Left cathodal trans-cranial direct current stimulation of the parietal cortex leads to an asymmetrical modulation of the vestibular-ocular reflex.

Multi-sensory visuo-vestibular cortical areas within the parietal lobe are important for spatial orientation and possibly for descending modulation of the vestibular-ocular reflex (VOR). Functional imaging and lesion studies suggest that vestibular cortical processing is localized primarily in the non-dominant parietal lobe. However, the role of inter-hemispheric parietal balance in vestibular processing is poorly understood. Therefore, we tested whether experimentally induced asymmetries in right versus left parietal excitability would modulate vestibular function. VOR function was assessed in right-handed normal subjects during caloric ear irrigation (30 °C), before and after trans-cranial direct current stimulation (tDCS) was applied bilaterally over the parietal cortex.

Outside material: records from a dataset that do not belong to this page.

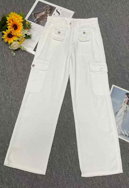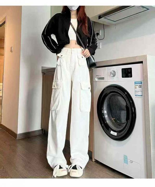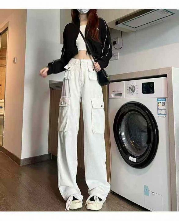 秋季新品洗水棉多袋工装牛仔阔腿裤,独立包装带吊牌,...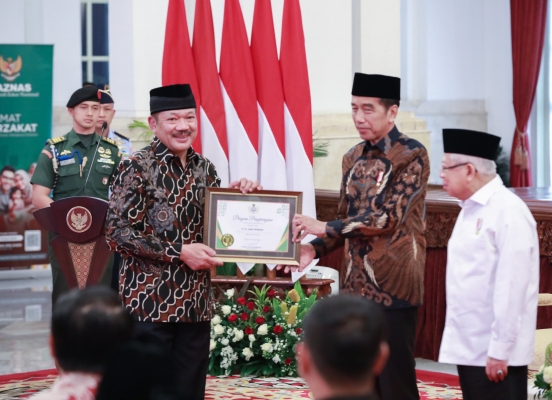 Penghargaan Lifetime Achievement diserahkan langsung oleh Ketua BAZNAS RI, Prof. Dr. KH. Noor Achmad kepada Presiden Jokowi dan Wakil Presiden Ma'ruf Amin dalam acara Zakat Istana di Istana Presiden, Rabu (13/3/2024) kemarin.
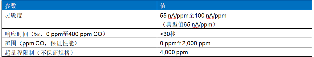 此電路選擇的傳感器是Alphasense CO-AX一氧化碳傳感器。表1顯示與此常見類型的一氧化碳傳感器相關(guān)的典型規(guī)格。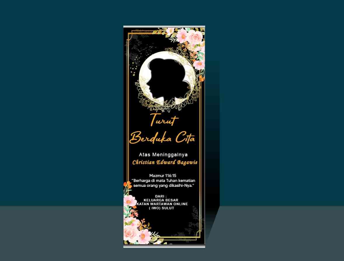 Banner duka berukuran 60x160cm ini dirancang dengan sederhana namun penuh penghormatan, cocok untuk menyampaikan rasa empati dan belasungkawa dalam mo...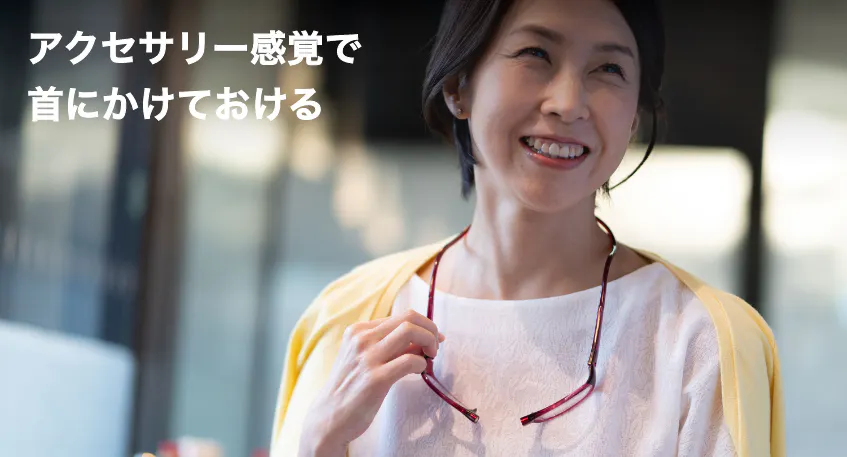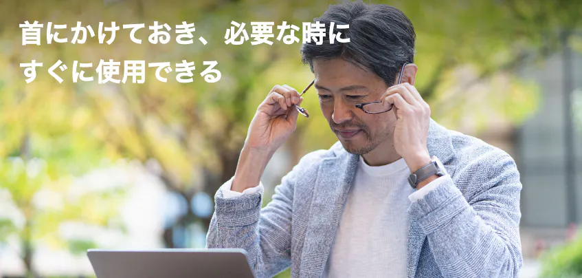 「首にかけておき、必要な時にすぐに使用できる」という利便性、「アクセサリー感覚で、首にかけておける」というデザイン性から、スタイリッシュなシニアグラス(老眼鏡)として、ご評価を頂いています。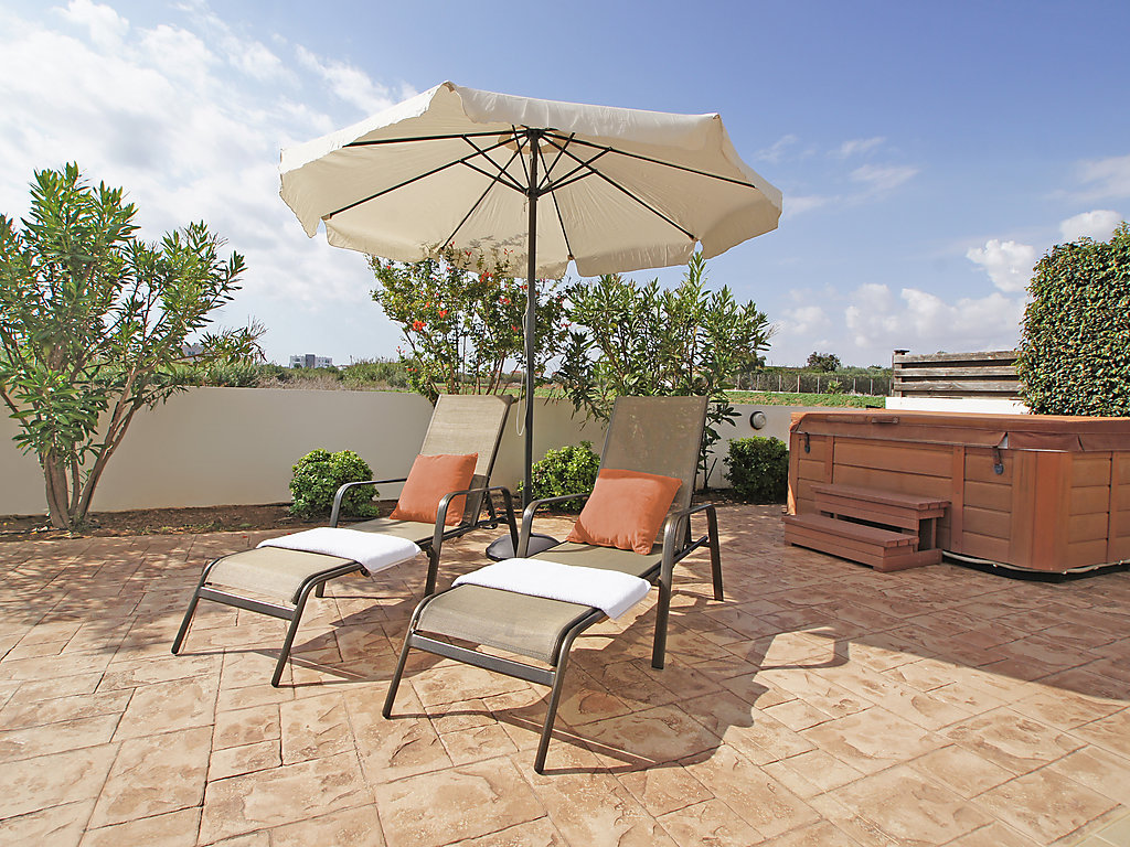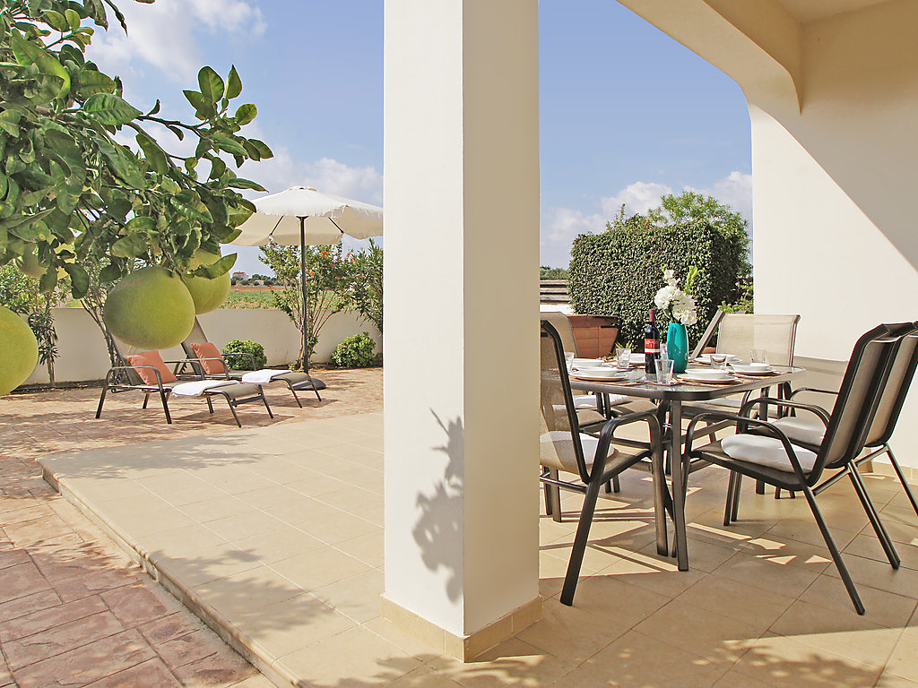 Komfortable Villa "ATRALK12". Hausausstattung: Klimaanlage, Waschmaschine (zur Alleinbenutzung). Zufahrt & Parkmöglichkeiten: reservierter Parkplatz. Ganzjährig Zufahrt bis zum Haus möglich. Lage: im Ortszentrum von Ayia Triada, am Ortsrand von Protaras, ruhige Lage. Aussicht von der Wohnung auf den Garten. Umgebung des Hauses: Aussendusche (zur Alleinbenutzung). Infrastruktur und Distanzen: Supermarkt 400 m, Restaurant 400 m, Sandstrand 400 m.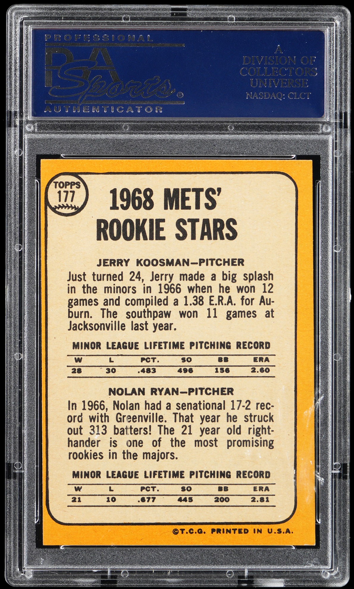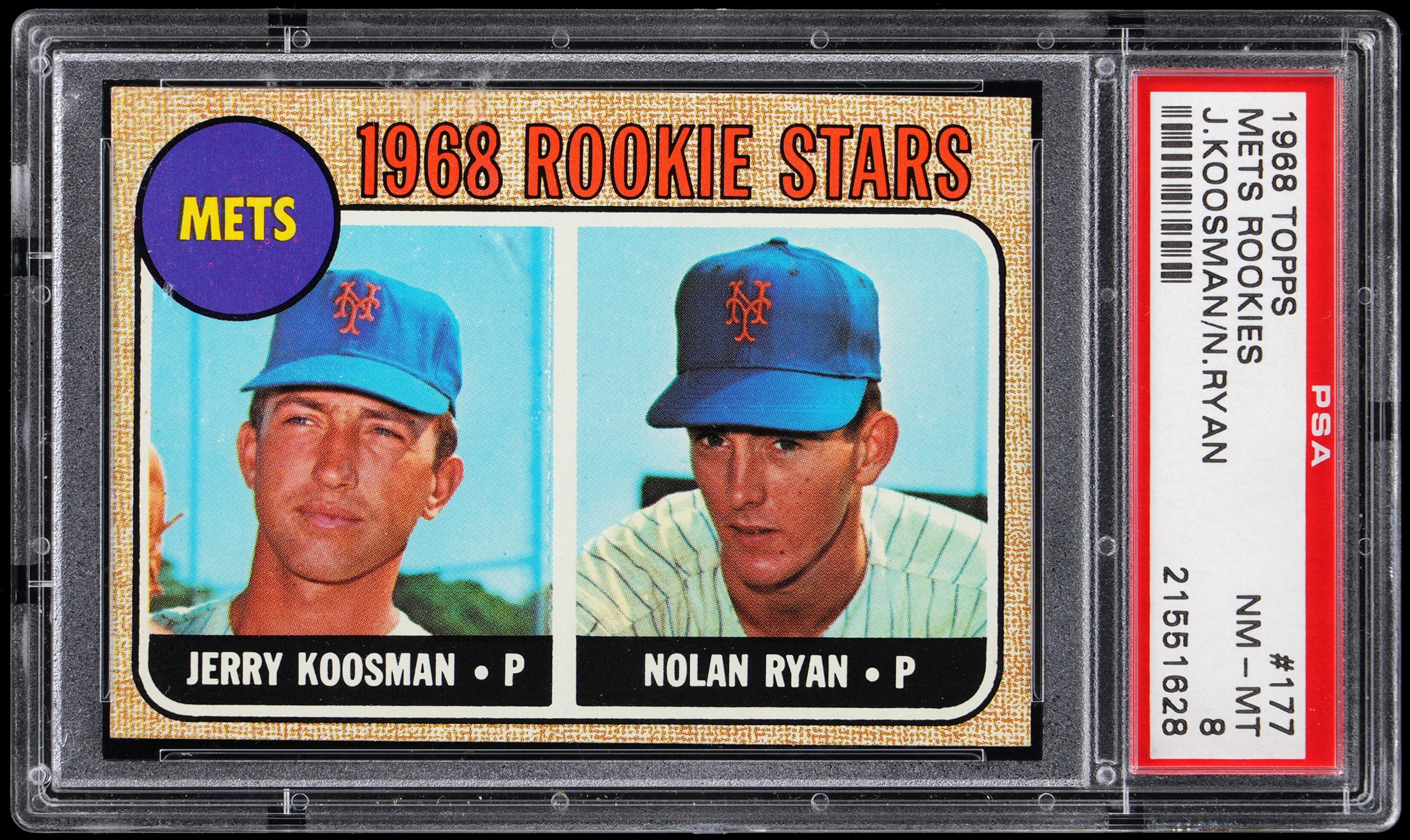 Graded NM-MT 8 by PSA. Dominating 1968 Topps #177 Nolan Ryan rookie card! This flamethrower extraordinaire ranks in the upper 5.3% of all similar Ryans evaluated by the grading service. Opening Bid $2,500.

Bilateral tDCS with the anode over the right and the cathode over the left parietal region resulted in significant asymmetrical modulation of the VOR, with highly suppressed responses during the right caloric irrigation (i.e. rightward slow phase nystagmus). In contrast, we observed no VOR modulation during either cathodal stimulation of the right parietal cortex or SHAM tDCS conditions. Application of unilateral tDCS revealed that the left cathodal stimulation was critical in inducing the observed modulation of the VOR. We show that disruption of parietal inter-hemispheric balance can induce asymmetries in vestibular function. This is the first report using neuromodulation to show right hemisphere dominance for vestibular cortical processing.